Only one stretch of the data is wanted: the line containing "C. LOUIS LEIPOLDT, December", the line containing "microns while up", and every line between them, copied exactly.

▶ _Provided records_
▼▼▼

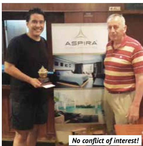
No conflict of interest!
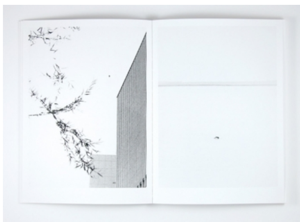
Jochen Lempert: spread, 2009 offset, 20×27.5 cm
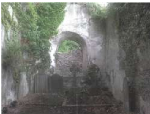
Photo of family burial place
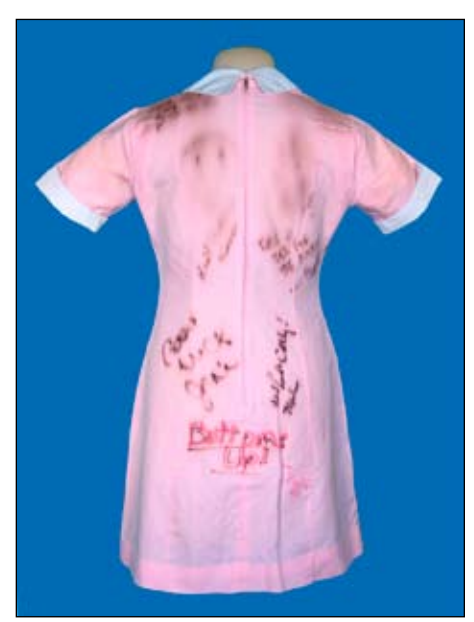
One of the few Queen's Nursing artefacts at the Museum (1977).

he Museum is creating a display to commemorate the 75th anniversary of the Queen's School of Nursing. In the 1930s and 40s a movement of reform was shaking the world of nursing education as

▲▲▲
▼▼▼

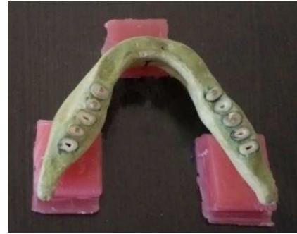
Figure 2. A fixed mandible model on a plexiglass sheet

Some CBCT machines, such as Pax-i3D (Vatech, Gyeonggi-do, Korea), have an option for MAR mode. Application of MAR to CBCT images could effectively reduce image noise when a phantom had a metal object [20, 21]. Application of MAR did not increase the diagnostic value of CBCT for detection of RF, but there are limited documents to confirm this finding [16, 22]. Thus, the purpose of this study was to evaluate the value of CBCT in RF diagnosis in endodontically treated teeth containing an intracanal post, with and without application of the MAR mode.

▲▲▲
▼▼▼

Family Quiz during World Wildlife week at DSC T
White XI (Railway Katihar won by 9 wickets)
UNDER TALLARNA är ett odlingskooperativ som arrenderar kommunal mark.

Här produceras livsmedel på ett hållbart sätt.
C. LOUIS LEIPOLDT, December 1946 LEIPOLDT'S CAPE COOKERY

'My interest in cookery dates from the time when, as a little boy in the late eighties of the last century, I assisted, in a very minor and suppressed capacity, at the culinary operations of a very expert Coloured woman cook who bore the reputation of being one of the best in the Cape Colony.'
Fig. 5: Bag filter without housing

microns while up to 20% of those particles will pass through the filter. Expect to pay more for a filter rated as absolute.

▲▲▲

▶ _Result of this exercise_
C. LOUIS LEIPOLDT, December 1946 LEIPOLDT'S CAPE COOKERY

'My interest in cookery dates from the time when, as a little boy in the late eighties of the last century, I assisted, in a very minor and suppressed capacity, at the culinary operations of a very expert Coloured woman cook who bore the reputation of being one of the best in the Cape Colony.'
Fig. 5: Bag filter without housing

microns while up to 20% of those particles will pass through the filter. Expect to pay more for a filter rated as absolute.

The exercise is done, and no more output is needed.